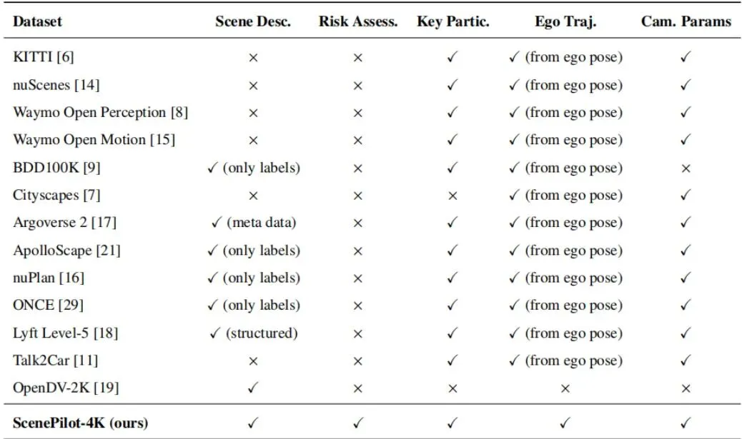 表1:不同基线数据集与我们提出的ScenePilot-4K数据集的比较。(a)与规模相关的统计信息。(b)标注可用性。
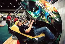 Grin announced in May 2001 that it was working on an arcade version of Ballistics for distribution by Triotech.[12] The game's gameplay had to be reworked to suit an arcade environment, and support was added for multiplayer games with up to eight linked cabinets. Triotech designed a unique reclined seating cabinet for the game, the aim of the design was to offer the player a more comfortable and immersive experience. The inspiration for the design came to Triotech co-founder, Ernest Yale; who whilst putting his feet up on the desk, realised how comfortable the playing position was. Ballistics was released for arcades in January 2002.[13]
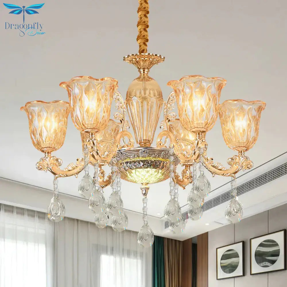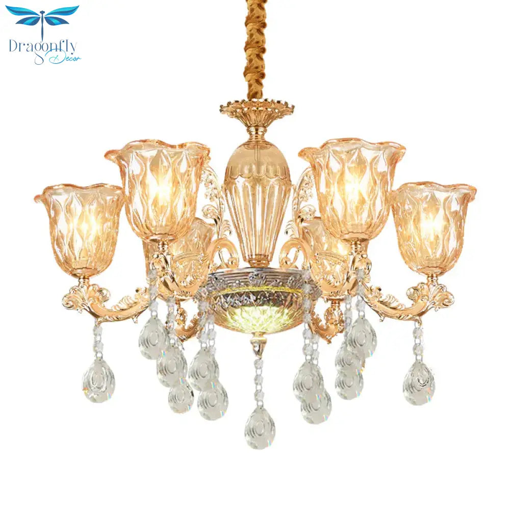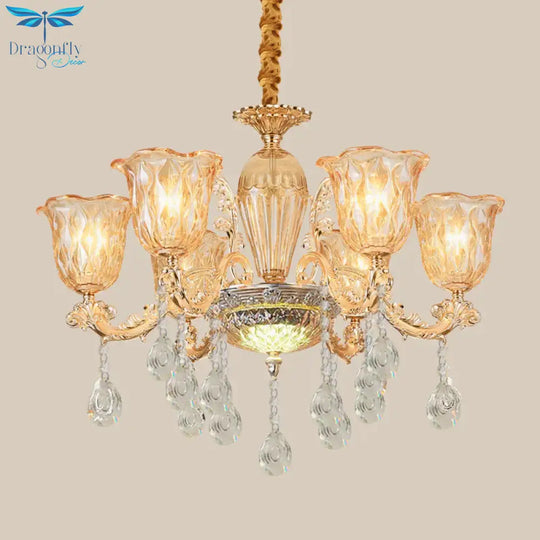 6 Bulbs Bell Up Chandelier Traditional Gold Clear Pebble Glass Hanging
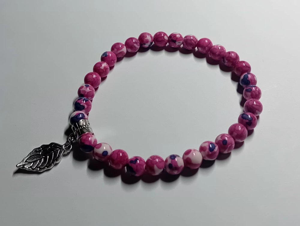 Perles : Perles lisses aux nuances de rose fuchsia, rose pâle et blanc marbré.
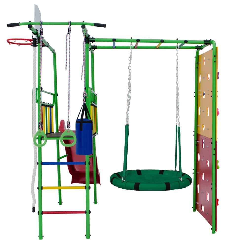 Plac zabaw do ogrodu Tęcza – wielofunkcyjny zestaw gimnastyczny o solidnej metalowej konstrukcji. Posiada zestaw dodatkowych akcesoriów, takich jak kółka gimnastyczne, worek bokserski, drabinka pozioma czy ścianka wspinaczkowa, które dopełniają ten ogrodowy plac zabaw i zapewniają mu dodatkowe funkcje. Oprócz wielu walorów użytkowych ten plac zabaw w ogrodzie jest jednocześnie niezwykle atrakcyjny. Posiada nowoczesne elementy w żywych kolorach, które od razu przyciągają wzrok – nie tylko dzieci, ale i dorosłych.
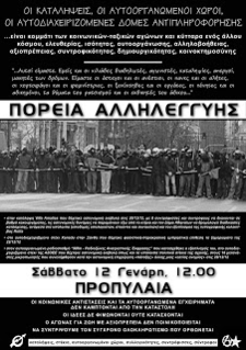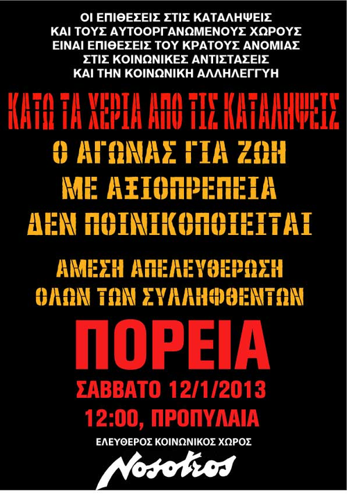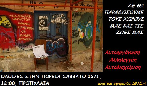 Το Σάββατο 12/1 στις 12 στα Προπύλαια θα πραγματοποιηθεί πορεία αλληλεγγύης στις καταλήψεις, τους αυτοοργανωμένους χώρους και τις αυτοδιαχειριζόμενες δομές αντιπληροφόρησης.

------------------------------------------------------------

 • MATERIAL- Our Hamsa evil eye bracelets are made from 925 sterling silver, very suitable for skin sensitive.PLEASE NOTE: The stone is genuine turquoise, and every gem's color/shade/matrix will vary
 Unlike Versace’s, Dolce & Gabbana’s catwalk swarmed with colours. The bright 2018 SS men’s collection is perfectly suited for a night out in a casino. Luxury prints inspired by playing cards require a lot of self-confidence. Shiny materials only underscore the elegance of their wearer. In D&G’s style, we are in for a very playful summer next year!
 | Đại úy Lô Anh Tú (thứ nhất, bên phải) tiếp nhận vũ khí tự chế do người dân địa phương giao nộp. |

------------------------------------------------------------

*What is needed:*
Make an exact copy of the lines above, beginning with the line with "表1:不同基线数据集与我们提" and ending with the line with "Το Σάββατο 12/1", and keep the pictures out of it.

*Task response:*
 表1:不同基线数据集与我们提出的ScenePilot-4K数据集的比较。(a)与规模相关的统计信息。(b)标注可用性。
 Grin announced in May 2001 that it was working on an arcade version of Ballistics for distribution by Triotech.[12] The game's gameplay had to be reworked to suit an arcade environment, and support was added for multiplayer games with up to eight linked cabinets. Triotech designed a unique reclined seating cabinet for the game, the aim of the design was to offer the player a more comfortable and immersive experience. The inspiration for the design came to Triotech co-founder, Ernest Yale; who whilst putting his feet up on the desk, realised how comfortable the playing position was. Ballistics was released for arcades in January 2002.[13]
 6 Bulbs Bell Up Chandelier Traditional Gold Clear Pebble Glass Hanging
 Perles : Perles lisses aux nuances de rose fuchsia, rose pâle et blanc marbré.
 Plac zabaw do ogrodu Tęcza – wielofunkcyjny zestaw gimnastyczny o solidnej metalowej konstrukcji. Posiada zestaw dodatkowych akcesoriów, takich jak kółka gimnastyczne, worek bokserski, drabinka pozioma czy ścianka wspinaczkowa, które dopełniają ten ogrodowy plac zabaw i zapewniają mu dodatkowe funkcje. Oprócz wielu walorów użytkowych ten plac zabaw w ogrodzie jest jednocześnie niezwykle atrakcyjny. Posiada nowoczesne elementy w żywych kolorach, które od razu przyciągają wzrok – nie tylko dzieci, ale i dorosłych.
 Το Σάββατο 12/1 στις 12 στα Προπύλαια θα πραγματοποιηθεί πορεία αλληλεγγύης στις καταλήψεις, τους αυτοοργανωμένους χώρους και τις αυτοδιαχειριζόμενες δομές αντιπληροφόρησης.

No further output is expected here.